What the task asks —
Could you restate word for word each line from the top of the listing below through the line containing "Navy Blue Cheers"? Keep the pictures out.
[Input data Boundary: Start]
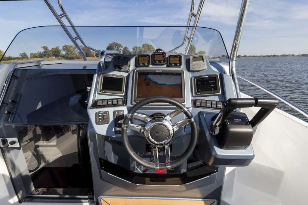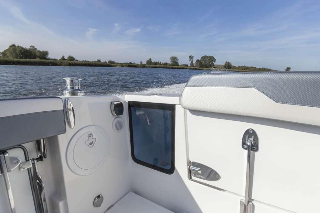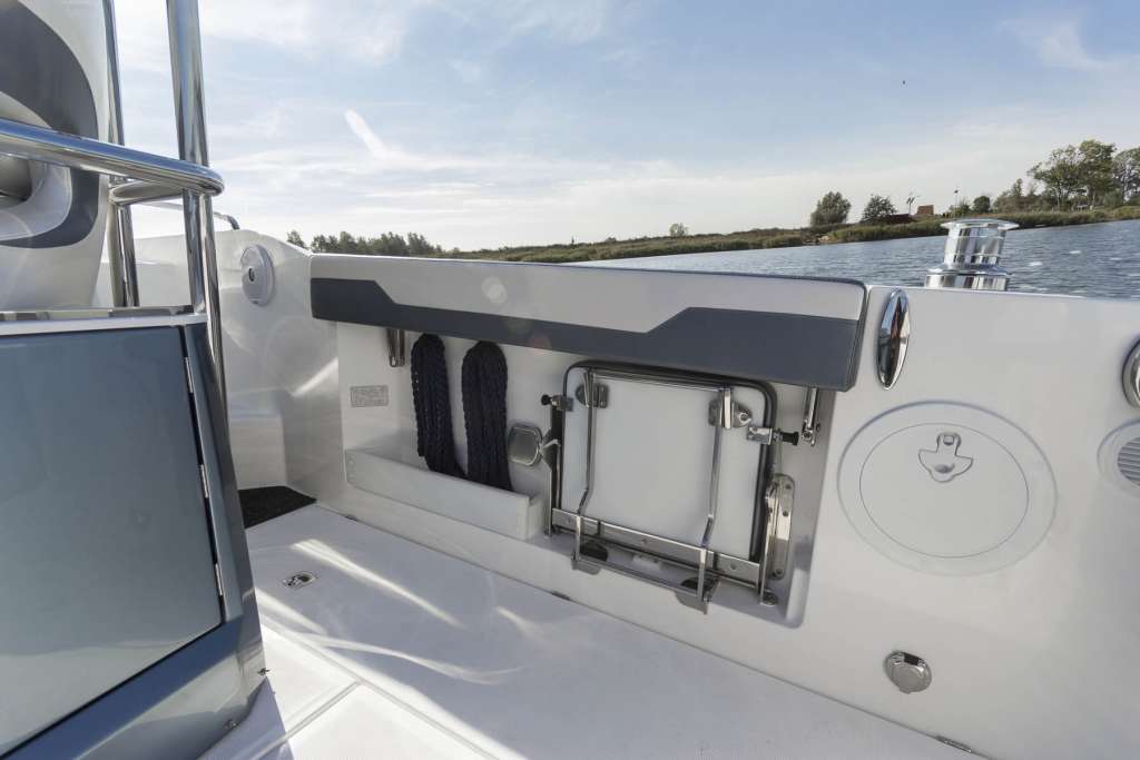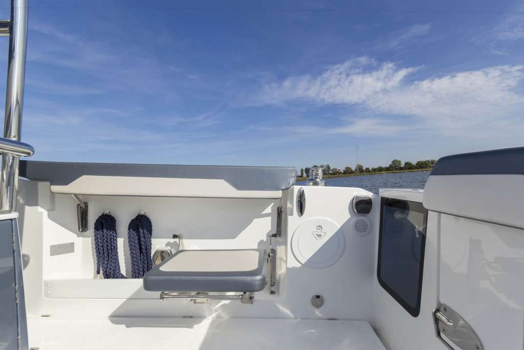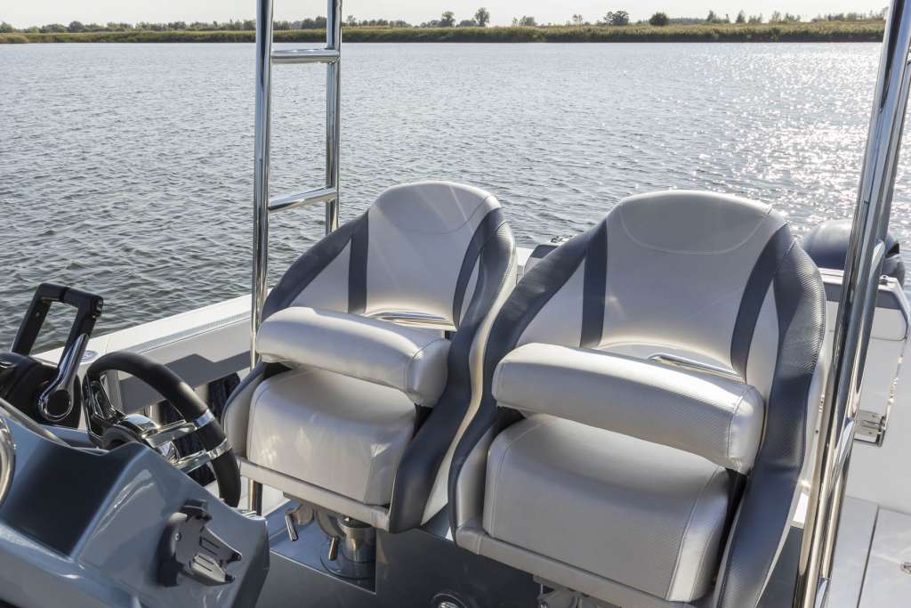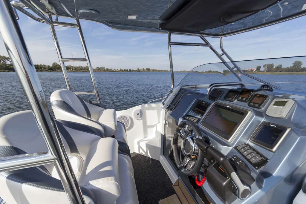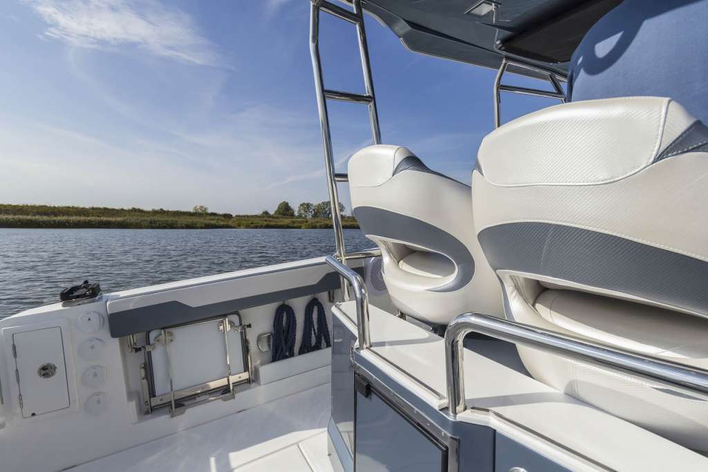 İki spor koltuklu dümen istasyonu mükemmel görüş alanı sunarken, isteğe bağlı ızgara uzun yolculuklarda kullanışlı olacaktır. Alanın altında büyük bir yemek odası, mutfak, sıhhi tesisat sistemli banyo ve ekstra bir yatak bulunmaktadır. Ek donanımlar arasında sert tavanlı bimini, balık kutusu ve çift motor kurulumu bulunur.
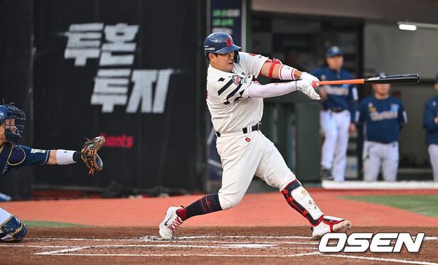 롯데 자이언츠 유강남이 1회말 무사 1,3루 좌익수 앞 1타점 안타를 치고 있다. 2024.05.31 / foto0307@osen.co.kr
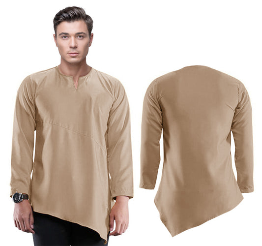 Baju Koko Kurta Pria Kerah V Cut Style Polos Tangan Panjang
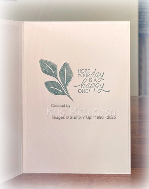 Each of the stamped panels is attached to Lost Lagoon card and then scored and folded Thick Basic White card. To decorate the inside of the card, I stamped the greeting from the So Sincere stamp set onto Basic White card using Lost Lagoon ink. I inked a single leaf from the Leaf Collection using a Lost Lagoon Stampin’ Write Marker and stamped the image three times onto Basic White card. I cut out the leaves and attached one to each of the card inserts before attaching the panel to the inside of the card base.
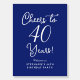 Navy Blue Cheers to 40 Years Birthday Welcome Foam Board
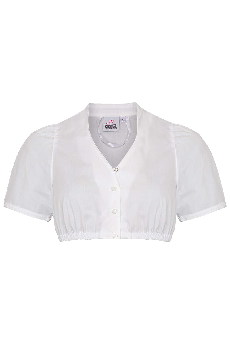 Die Dirndlbluse von Mia san Tracht besticht durch den Schneewittchenkragen, der auch neben den Trägern des Dirndls hervorblitzt und ein besonders schönes Dekolleté zaubert.Das Material dieser Dirndlbluse besteht aus reiner Baumwolle und damit aus einer Naturfaser. Dadurch ist ein sehr angenehmes Tragegefühl garantiert, da das Material sehr atmungsaktiv ist. Daher ist die Bluse auch ideal für heiße Sommertage geeignet.Der tiefe V-Ausschnitt wird mit einem altsilbernen Knopf und perlmuttfarbenen Knöpfen geschlossen. Die Ärmel sind an den Schultern schön in Falten gelegt und liegen locker am Arm an. Auch sie sind mit je einem Knopf versehen. Der Gummizug am Saum sorgt für einen rutschfesten Sitz.
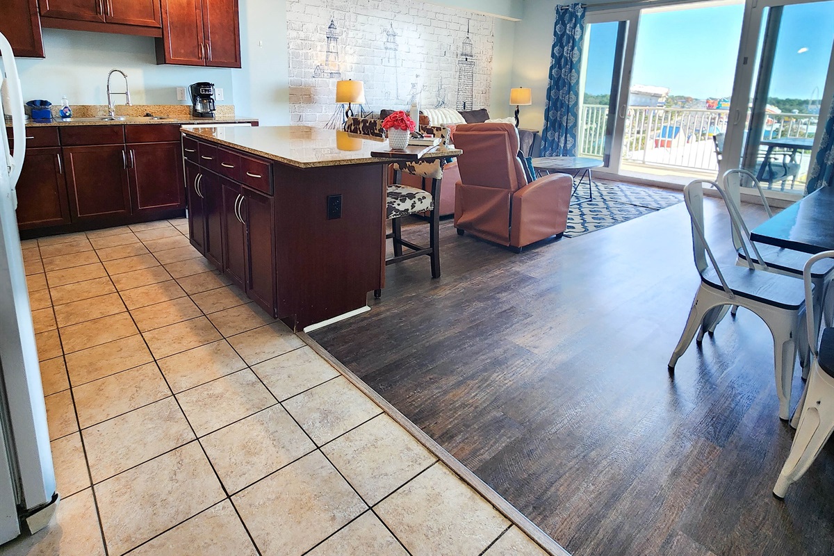 Completely Remodeled and Beautifully Furnished Condo, located within a short walk to the beach. Lake town Wharf offers THE Resort style vacation, from the five unique pools, 52,000 square feet of lakefront boardwalk, a fully equipped fitness center, covered parking, miniature golf, an on-site market/bistro, on-site dining options and flexible meeting spaces for conferences, to weddings and other group functions. There is really no reason to leave, other than the beach experience you can find across the street.
[Input data Boundary: End]
Response —
 İki spor koltuklu dümen istasyonu mükemmel görüş alanı sunarken, isteğe bağlı ızgara uzun yolculuklarda kullanışlı olacaktır. Alanın altında büyük bir yemek odası, mutfak, sıhhi tesisat sistemli banyo ve ekstra bir yatak bulunmaktadır. Ek donanımlar arasında sert tavanlı bimini, balık kutusu ve çift motor kurulumu bulunur.
 롯데 자이언츠 유강남이 1회말 무사 1,3루 좌익수 앞 1타점 안타를 치고 있다. 2024.05.31 / foto0307@osen.co.kr
 Baju Koko Kurta Pria Kerah V Cut Style Polos Tangan Panjang
 Each of the stamped panels is attached to Lost Lagoon card and then scored and folded Thick Basic White card. To decorate the inside of the card, I stamped the greeting from the So Sincere stamp set onto Basic White card using Lost Lagoon ink. I inked a single leaf from the Leaf Collection using a Lost Lagoon Stampin’ Write Marker and stamped the image three times onto Basic White card. I cut out the leaves and attached one to each of the card inserts before attaching the panel to the inside of the card base.
 Navy Blue Cheers to 40 Years Birthday Welcome Foam Board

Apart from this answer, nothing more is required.